In the latest development, Mel Gibson‘s Icon Prods. has sent out hundreds of $500 checks to churches that showed the film last year at 1,400 private screenings.
Aim is to compensate them for the “worship fee” charged by Regal Entertainment. An accompanying letter said Icon hadn’t been informed about the fee and was “shocked and disappointed.”
The letters went out around the time that Icon settled its suit against Regal over the chain’s alleged failure to give Icon its promised $40 million cut of “Passion” proceeds.
Terms were confidential, but there are plenty of other developments that make “Passion” a singular film:
- The MPAA refused to give “The Passion Recut” a PG-13 rating despite having its more violent scenes trimmed. So it became the first re-release to go out unrated when it returned to theaters March 11.
- Regal and Cinemark refused to book “Recut,” but church groups have again launched a grassroots campaign to promote the film.
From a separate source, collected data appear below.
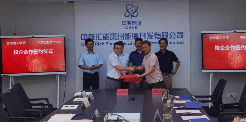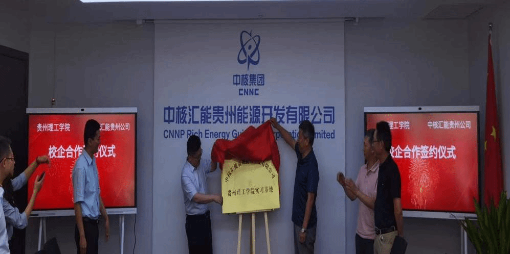 2022年7月7日,贵州理工学院人工智能与电气工程学院与中核汇能贵州能源开发有限公司校企合作签约暨实习基地揭牌仪式在中核汇能贵州能源开发有限公司会议室举行。中核汇能贵州能源开发有限公司副总经理朱冬主持,学院党总支书记刘承章、院长龙飞、副院长张均,中核汇能贵州能源开发有限公司执行董事、总经理袁旭光分别讲话并见证签约。
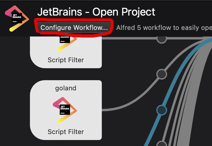 설정 방법은 다음과 같습니다. Workflows > JetBrains - Open Project > Configure Workflow 버튼을 클릭합니다.
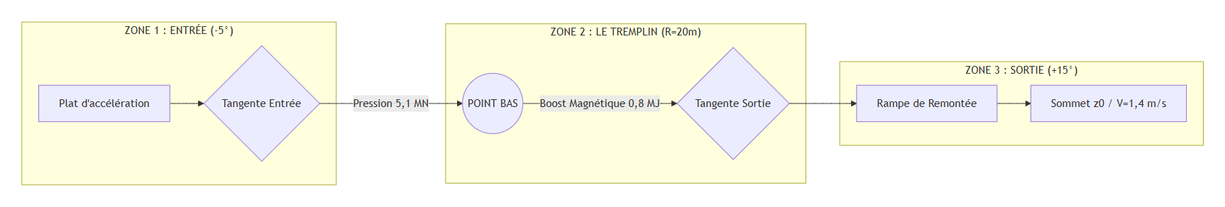 Espacement des rails : Fixe à 2,80 m. Le cône reste enfoncé au maximum pour garder son centre de gravité le plus bas possible et accumuler une vitesse maximale (~18 m/s soit 65 km/h).
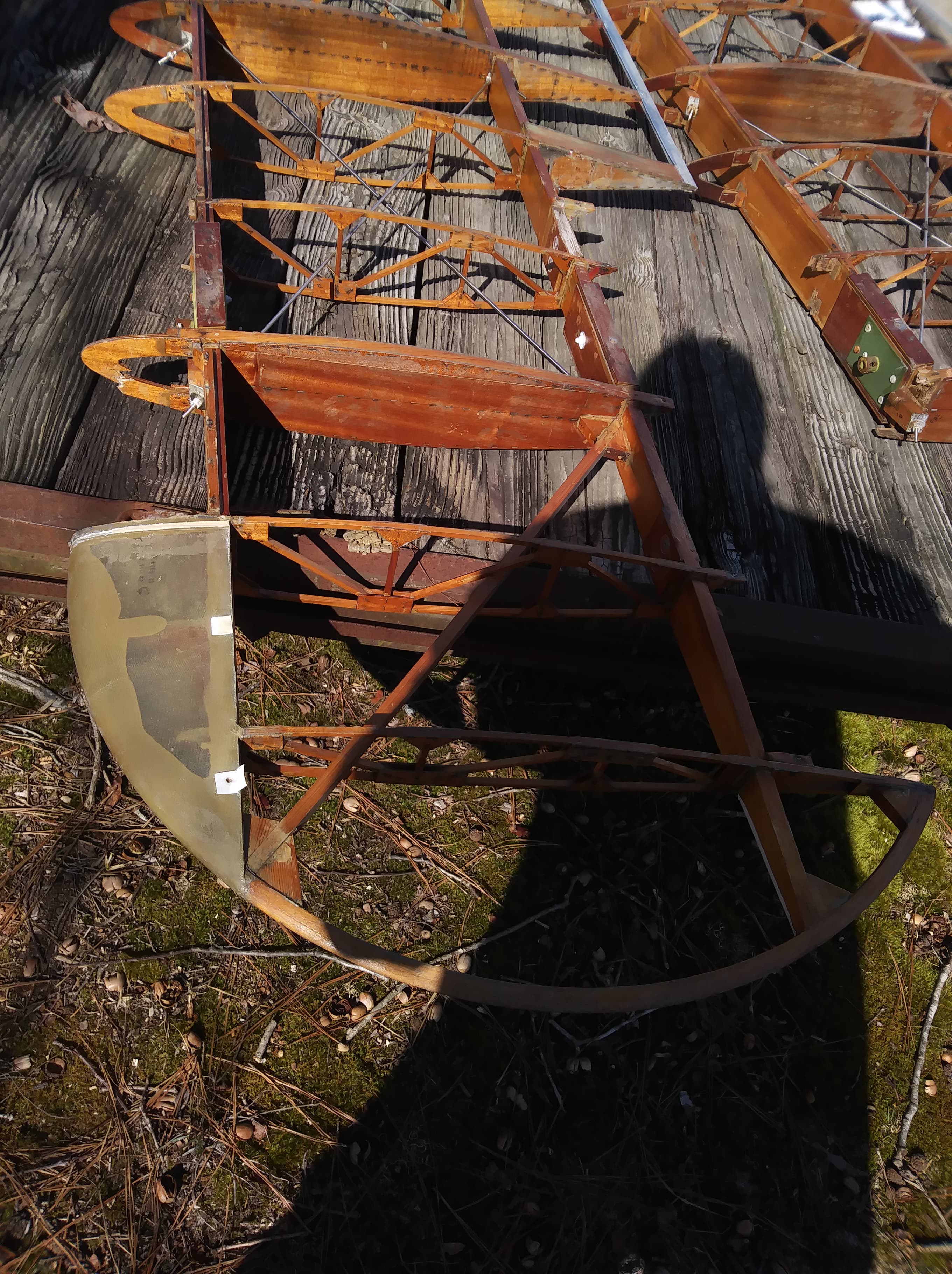 The bottom wing that appears to be in the best shape will be hung up on the wall as art. If I have room to do that with the top wing I will do the same thing. Otherwise I was thinking to cut the ribs out of it for others to use. There is also this partial piece of another plane. They where unsure of what it was off of though.Cut the wings up and sell pieces. I'll buy a piece.
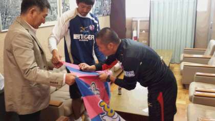 (本校が芝生化になった当時にセレッソ大阪の選手数名を招いた時に頂いた応援旗に、改めて森島・齊藤両選手に校長室でサインをしていただきました。本日、学校へ頂いたサイン色紙とともに、しばらく校長室前に飾りますので、何かの機会でご来校の際にご覧になってください)。

- “Recut” is being released eight months after the original film’s DVD came out, and Newmarket hopes to make the theatrical re-release an annual event around Easter.
- A DVD release of “Recut” probably will come out some time next year.
If “Passion” were to become an Easter perennial, it could eventually square off with another zeitgeist film in re-release takings: The first “Star Wars” film grossed $153 million during re-releases in 1982 and 1997.